The majority of the cases relied on by FIGA are distinguishable because these cases address insurance policy liability coverage for wrongful death and derivative tort claims, rather than first party property damage claims. See Allstate Ins. Co. v. Clohessy, 32 F.Supp.2d 1333, 1337 (M.D.Fla.1998) (holding that “Florida courts have uniformly held that loss of consortium and wrongful death survivor actions are subject to the per-person limit of liability”); Fla. Ins. Guar. Ass’n, Inc. v. Cole, 573 So.2d 868, 870-71 (Fla. 2d DCA 1990) (holding survivors entitled only to per person coverage since wrongful death claim was only one claim); Mackoul v. Fid. & Cas. Co. of N.Y., 402 So.2d 1259, 1260 (Fla. 1st DCA 1981) (finding that the limits of liability were not affected by the number of causes of action that might accrue from the bodily injury of a single person); Biondino v. S. Farm Bureau Cas. Ins. Co., 319 So.2d 152, 154 (Fla. 2d *1043DCA 1975) (finding insurer limited its liability to each person for damages because of bodily injury sustained by one person).
We conclude that the lower court properly construed the applicable FIGA statutory language in determining that Sunrise is not limited to FIGA’s one lump sum aggregate claim payment of $300,000 for the total damages caused to the seven individually scheduled buildings and is entitled to the policy’s mandated appraisal process. The order granting Petitioner’s Motion for Summary Judgment and denying Respondent’s Motion for Summary Judgment is hereby affirmed.
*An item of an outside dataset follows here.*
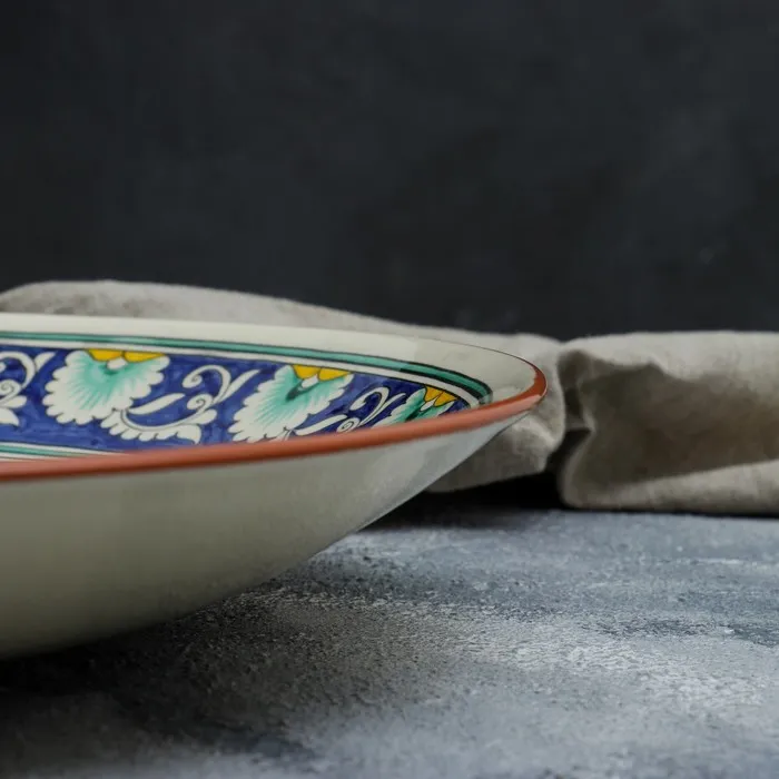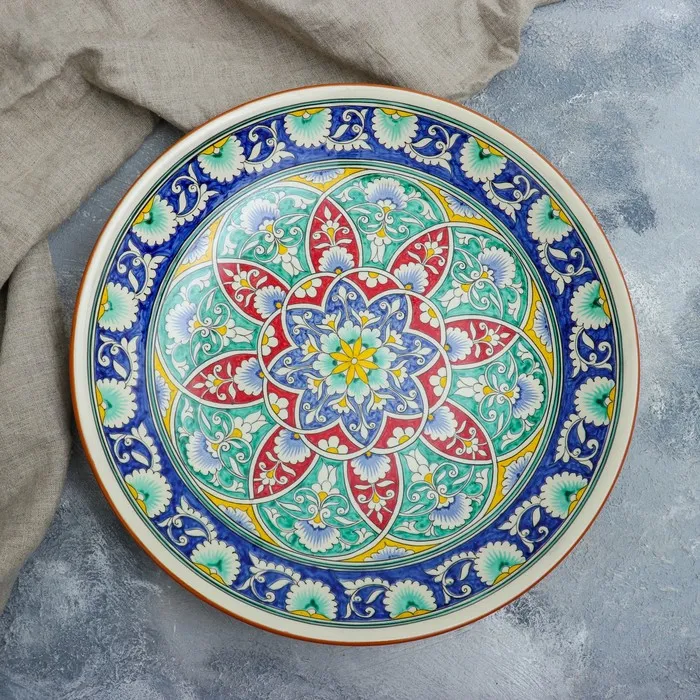 Ляган круглый Риштанская Керамика, 41см, белый с синим, красно-жёлто-зелёный узор — Характеристики

GROSS, C.J., and CIKLIN, J., concur.. The buildings were listed separately in the "Description of Premises,” and the coverage and premiums are separate for each building. Building 1 is insured for $208,048, with a premium of $1,282; building 2 is insured for $725,483, with a premium of $4,266; building 3 is insured for $609,926, with a premium of $3,587; building 4 is insured for $341,349, with a premium of $1,990; building 5 is insured for $341,349, with a premium of $1,990; building 6 is insured for $472,514, with a premium of $2,755; building 7 is insured for $208,046, with a premium of $1,282.